Exercise
In the data below, reproduce everything exactly except the images.

** Data section follows **

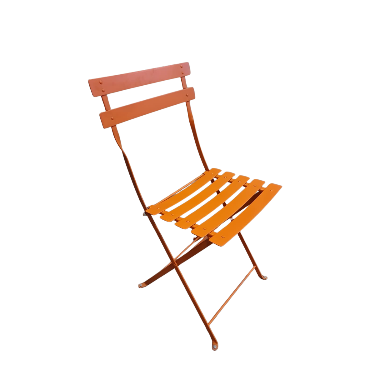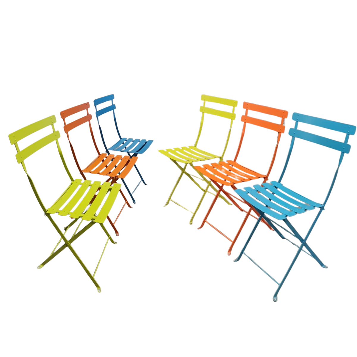 Pirtsakan värikäs terassituolisetti. Settiin kuuluu 10 kpl tuoleja väreissä vihreä, oranssi ja sininen. Tuolit ovat metallia ja kestävät näin hyvin kosteaakin säätä! Tuolit on helppo taittaa kasaan ja niputtaa terassin sulkemisen yhteydessä.
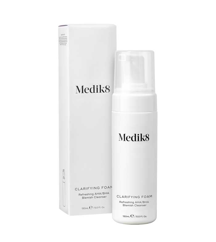 Obtenha uma limpeza facial perfeita para a pele manchada com esta espuma de limpeza com AHA/BHA Clarifying Foam da Medik8 .
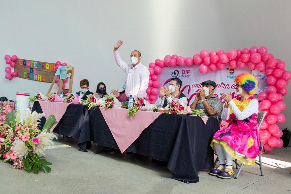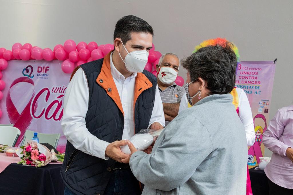 En su mensaje el edil reconoció el trabajo de las personas que realizan alguna labor de voluntariado al realizar recolección de trenzas para pelucas oncológicas, de tapitas para acompañamiento y la entrega de despensas, ya que actualmente el recurso para la gente que sufre esta enfermedad se ha reducido.
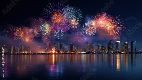 Fireworks over a city skyline at night (3)

** End of Data section **

Expected answer
 Pirtsakan värikäs terassituolisetti. Settiin kuuluu 10 kpl tuoleja väreissä vihreä, oranssi ja sininen. Tuolit ovat metallia ja kestävät näin hyvin kosteaakin säätä! Tuolit on helppo taittaa kasaan ja niputtaa terassin sulkemisen yhteydessä.
 Obtenha uma limpeza facial perfeita para a pele manchada com esta espuma de limpeza com AHA/BHA Clarifying Foam da Medik8 .
 En su mensaje el edil reconoció el trabajo de las personas que realizan alguna labor de voluntariado al realizar recolección de trenzas para pelucas oncológicas, de tapitas para acompañamiento y la entrega de despensas, ya que actualmente el recurso para la gente que sufre esta enfermedad se ha reducido.
 Fireworks over a city skyline at night (3)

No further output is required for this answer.